---- Record set
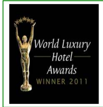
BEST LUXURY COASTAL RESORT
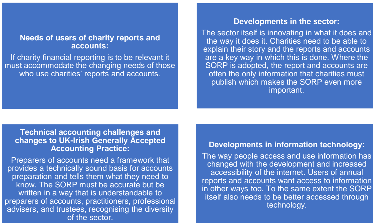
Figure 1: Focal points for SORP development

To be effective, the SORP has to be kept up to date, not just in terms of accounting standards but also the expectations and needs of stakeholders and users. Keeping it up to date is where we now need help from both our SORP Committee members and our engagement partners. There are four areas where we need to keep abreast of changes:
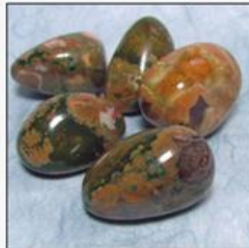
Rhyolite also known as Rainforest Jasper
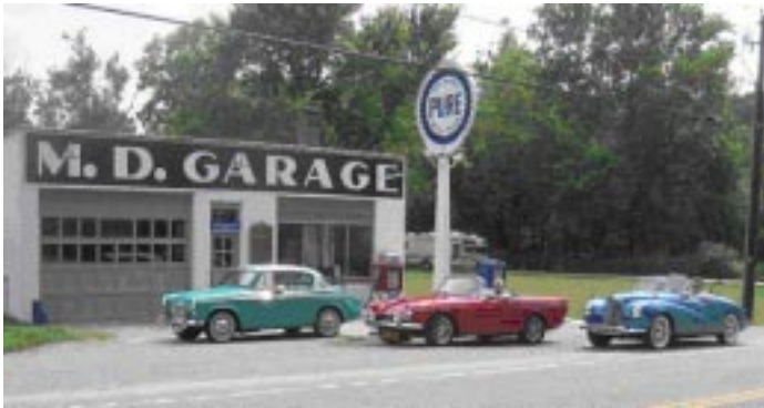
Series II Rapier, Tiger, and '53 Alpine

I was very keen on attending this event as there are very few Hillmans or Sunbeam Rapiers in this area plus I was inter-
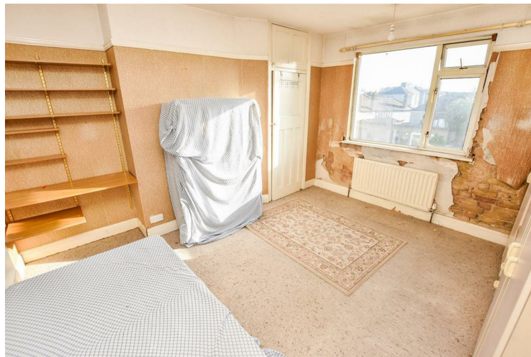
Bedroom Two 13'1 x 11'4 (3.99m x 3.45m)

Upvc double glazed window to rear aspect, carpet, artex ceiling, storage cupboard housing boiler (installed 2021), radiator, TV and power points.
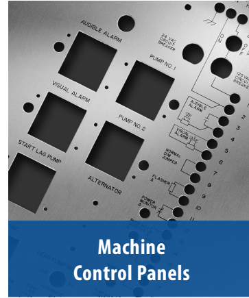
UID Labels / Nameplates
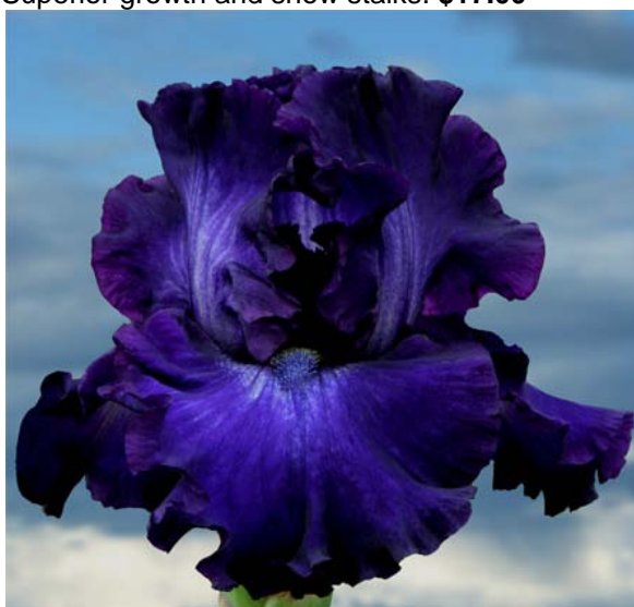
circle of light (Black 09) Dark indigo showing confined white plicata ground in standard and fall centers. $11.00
--------
---- Record set
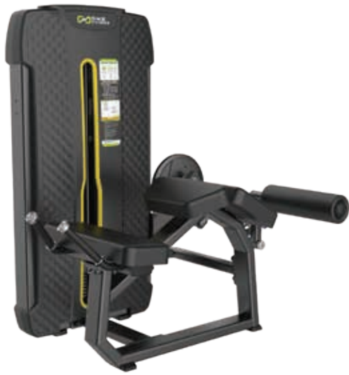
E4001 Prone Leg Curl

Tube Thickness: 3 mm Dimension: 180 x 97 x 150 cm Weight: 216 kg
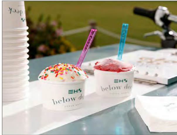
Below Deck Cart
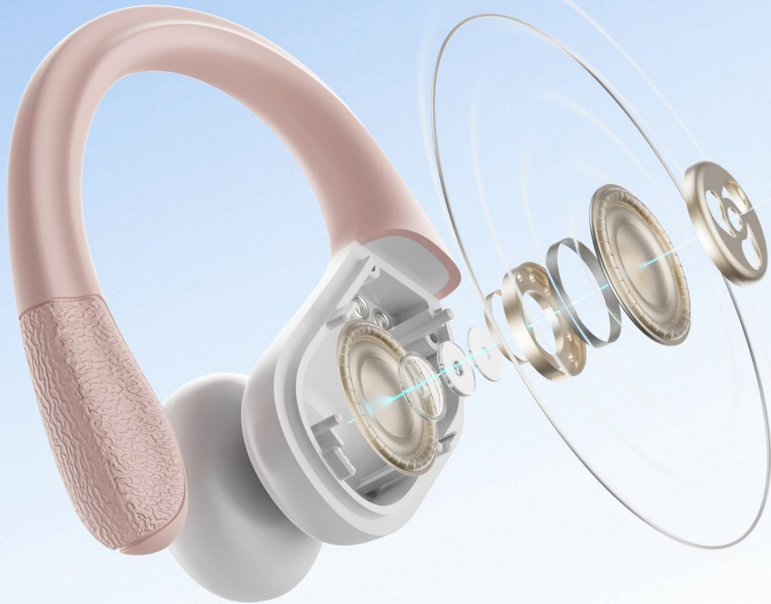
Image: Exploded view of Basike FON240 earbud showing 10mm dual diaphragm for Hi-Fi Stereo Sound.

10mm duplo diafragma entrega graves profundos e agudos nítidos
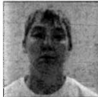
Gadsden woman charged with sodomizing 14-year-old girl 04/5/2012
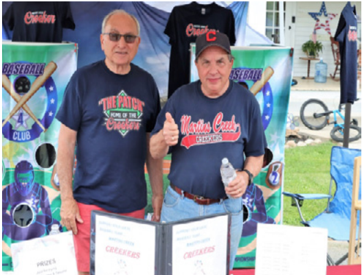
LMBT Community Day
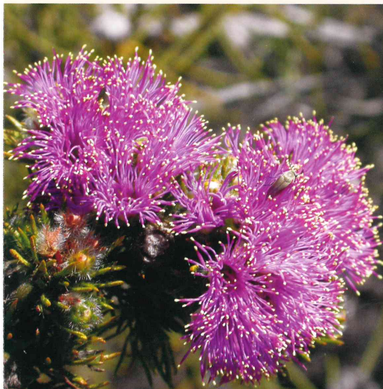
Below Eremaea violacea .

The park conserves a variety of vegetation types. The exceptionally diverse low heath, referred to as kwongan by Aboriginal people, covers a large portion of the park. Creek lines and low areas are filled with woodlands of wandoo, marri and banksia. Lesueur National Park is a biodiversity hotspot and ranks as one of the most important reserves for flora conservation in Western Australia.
--------
**Instructions for the task:**
Using the data above, retype exactly and only the lines from the one containing "BEST LUXURY COASTAL RESORT" up to and including the one containing "Figure 1: Focal points for SORP development", with no pictures carried over.

**Expected output:**
BEST LUXURY COASTAL RESORT
Figure 1: Focal points for SORP development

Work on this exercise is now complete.